Злость помогла ей приструнить голову, чтобы перестала кружиться, и сделать первый шаг. Злость помогла ей преодолеть пустырь и выбрать правильное направление к дому. Злость помогла ей не обращать внимания на удивленные, а порой и брезгливые взгляды, которые бросали на нее встречные прохожие.
«Вас бы кто повалял по грязи, — думала она, — поглядела бы я, как вы смотрелись…»
Делая над собой усилие, чтобы ступать прямо и не натыкаться на прохожих, Надежда преодолела улицу Тимирязева и завернула к пансионату. Демонстрация или закончилась, или ушла куда-то в сторону, к центру города.

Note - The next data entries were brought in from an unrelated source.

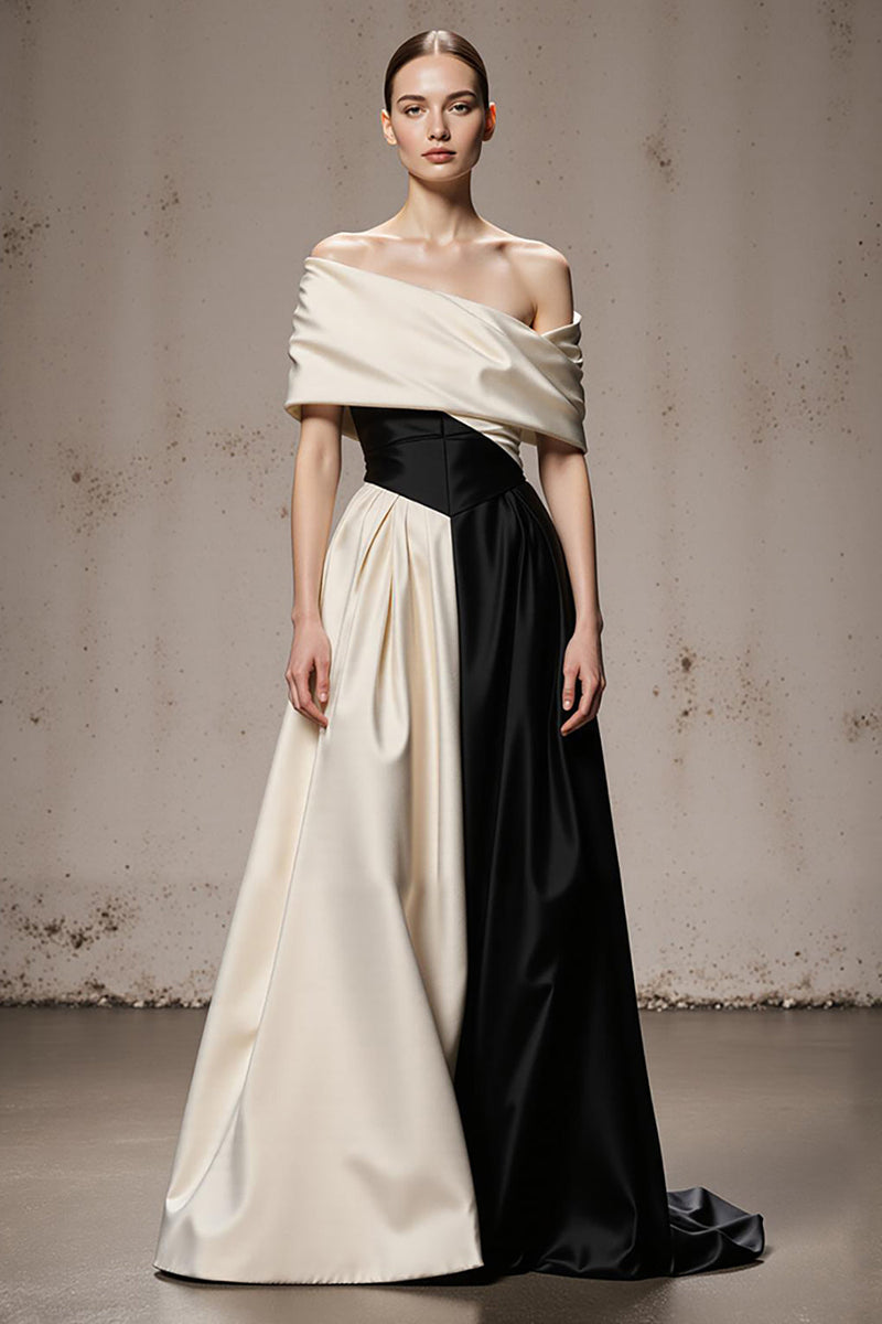 Black and White A Line Satin Patchwork Off the Shoulder Long Formal Dress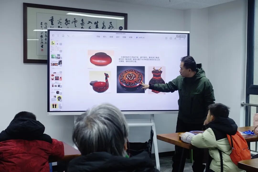 活动特邀成都漆器代表性传承人郑恩主讲授课。郑恩深耕漆艺设计与制作二十余年,兼具深厚的理论积淀与丰富的实操经验。现场,他从成都漆器始于商周、盛于汉唐的悠久历史讲起,生动阐释了漆器的起源与发展脉络,详细介绍了大漆作为核心制作材料的特性,拆解了“雕嵌填彩”“堆漆工艺”等特色技法的精髓,并讲解了漆器在古今生活中的多元用途,让体验者深刻领略到这项国家级非遗项目的文化底蕴。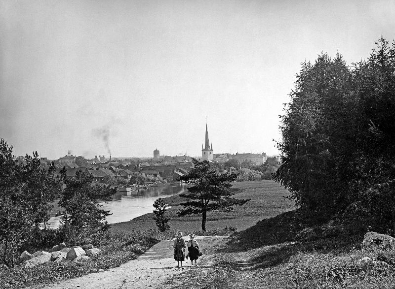 | Arboga. Two children on a road by the Arboga Stream. In the middle, the tower of the Holy Trintiy church, and left of it the tower of St. Nicolai church |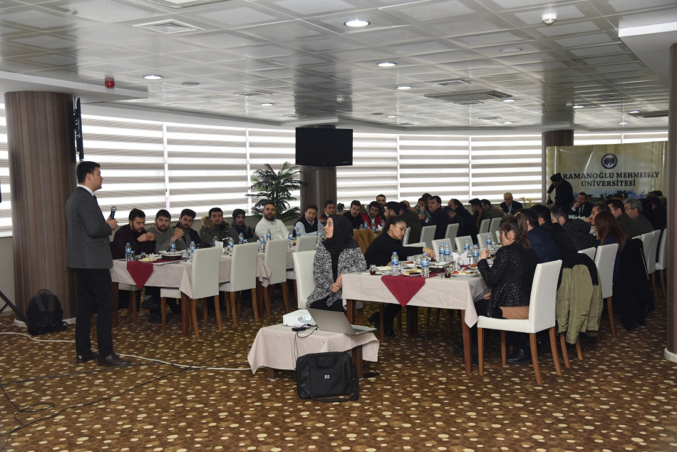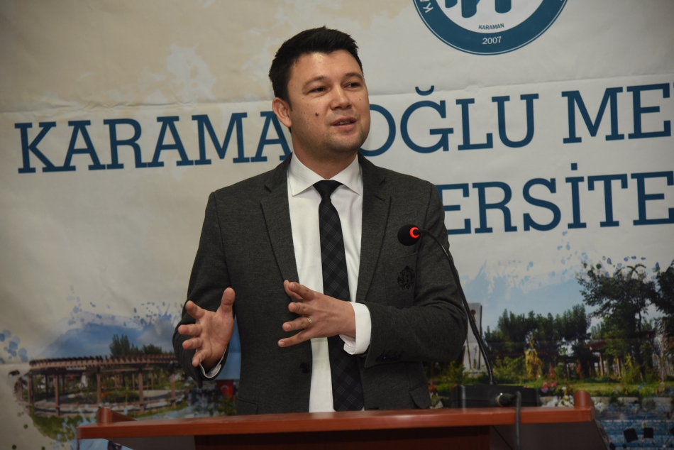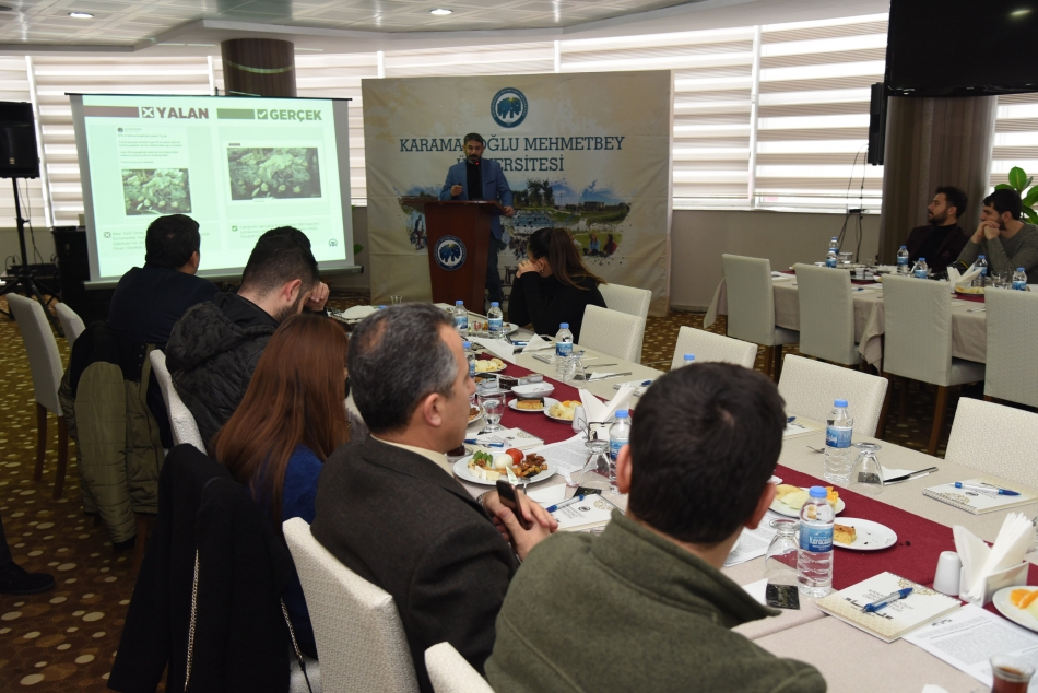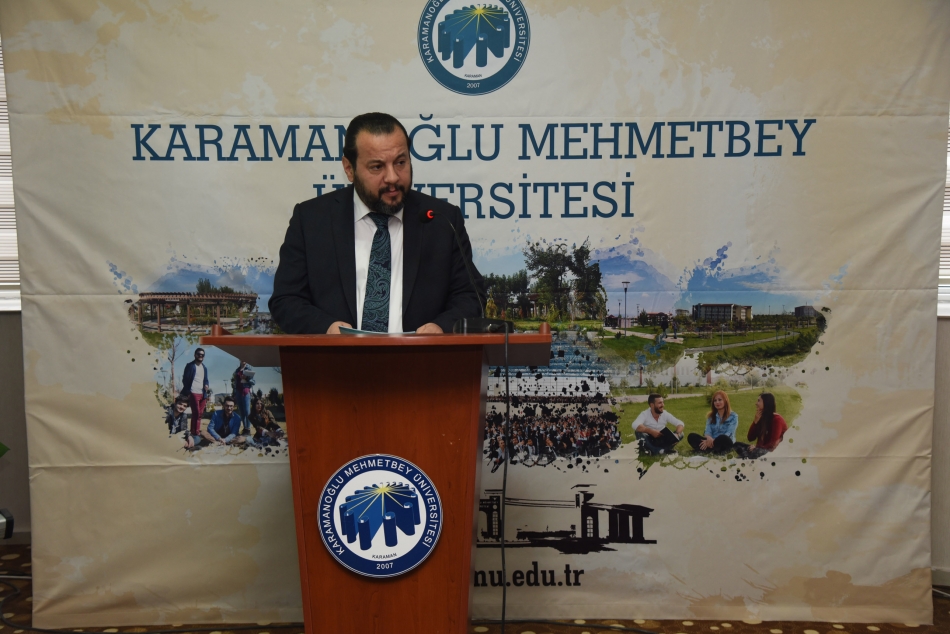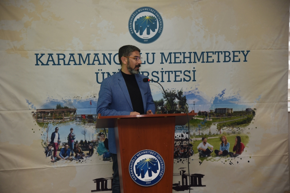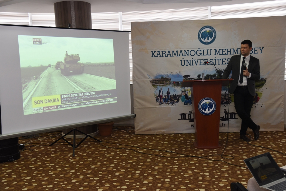 Rektör Akgül’ün açılış konuşmasının ardından sunumlarını yapmak üzere ilk olarak TRT Haber Muhabiri Hüseyin Günay kürsüye geldi. Günay "İtibar Suikasti ve Algı Yönetimi Bağlamında Yalan Haberler" başlıklı sunumunda gazete manşetlerinin insan hayatına ve çevreye etkilerine değindi.
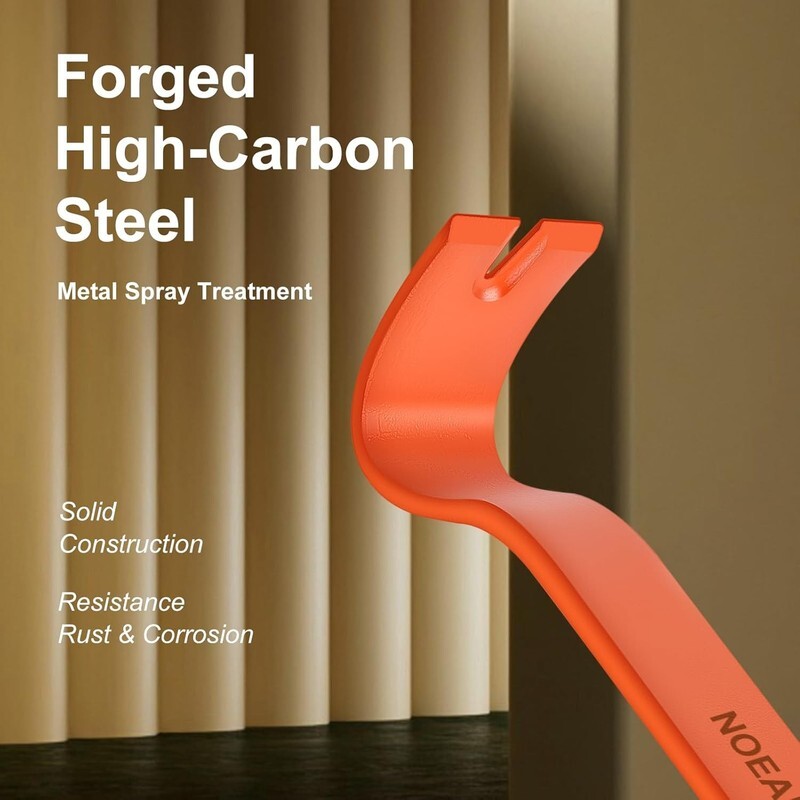 ?High Quality Material?The pry bars are made of high carbon steel forging, the surface is orange spray treatment,sturdy, rust and corrosion prevention.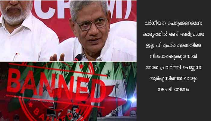 വർഗ്ഗീയതയും തീവ്രവാദവും ഉള്പ്പെടെ ക്രിമിനൽ പ്രവർത്തനങ്ങളിൽ ഏർപ്പെടുന്ന എല്ലാവർക്കും നിയമം ഒരു പോലെ ബാധകമാകണം. ആർഎസ്എസ് നിരോധിക്കണോ എന്ന ചോദ്യത്തിന്, മൂന്ന് തവണ ആർഎസ്എസ് നിരോധിക്കപ്പെട്ടിട്ടുണ്ടെന്നും, നിയമം എല്ലാവർക്കും ഒരുപോലെ ബാധകമാകണമെന്നും യെച്ചൂരി പറഞ്ഞു. നിരോധനം ഒന്നിനും പരിഹാരമല്ല, രാഷ്ട്രീയമായ ഒറ്റപ്പെടുത്തലാണ് പരിഹാരം. പിഎഫ്ഐക്കെതിരായ നടപടി രാഷ്ട്രീയ പ്രേരിതമോ എന്ന ചോദ്യത്തിന് ജനം വിലയിരുത്തുമെന്ന് യെച്ചൂരി മറുപടി നല്കി.

У дверей пансионата Надежда Николаевна остановилась. Ей нужны были силы, чтобы открыть двери. Она стояла на крыльце так долго, что выскочила Нина, которая высмотрела Надежду в окно, но, надо полагать, не сразу узнала в таком виде.
— Господи, да что же это! — Нина втащила Надежду в холл.
И тут же с другой стороны в холл вошла Галина в сопровождении Василия Верленовича. Как всегда, Галка озабочена была только тем, чтобы проскочить незаметной в свой номер. Так что на Надежду она сначала внимания не обратила. Пока не бросилась ей в глаза знакомая куртка. Разглядев, в каком куртка плачевном виде, Галка бросилась к Надежде со словами:
— Надя, что это значит?
— Ненавижу! — прохрипела Надежда и, теряя сознание, стала падать на Василия Верленовича.
Тот взвизгнул, как заяц, и проворно отскочил в сторону. Надежду подхватил хозяин пансионата, который появился, как всегда, вовремя. Он не дал ей упасть и даже легонько стукнул по щеке, чтобы вывести из обморока. Таким образом, по лестнице Надежда шла почти сама, только ноги были какие-то ватные.
Надо отдать Галке должное: когда она поняла, что с Надеждой плохо, она мигом позабыла про испорченную куртку. Она помогла ей раздеться и уложила в кровать. В номере суетилось множество народу, предлагали вызвать «скорую помощь», просто врача, чтобы сделал укол, просто дать успокоительное. Надежда от всего отмахивалась.
В конце концов Галка вытолкала всех из номера, взяв только из рук горничной чашку чаю.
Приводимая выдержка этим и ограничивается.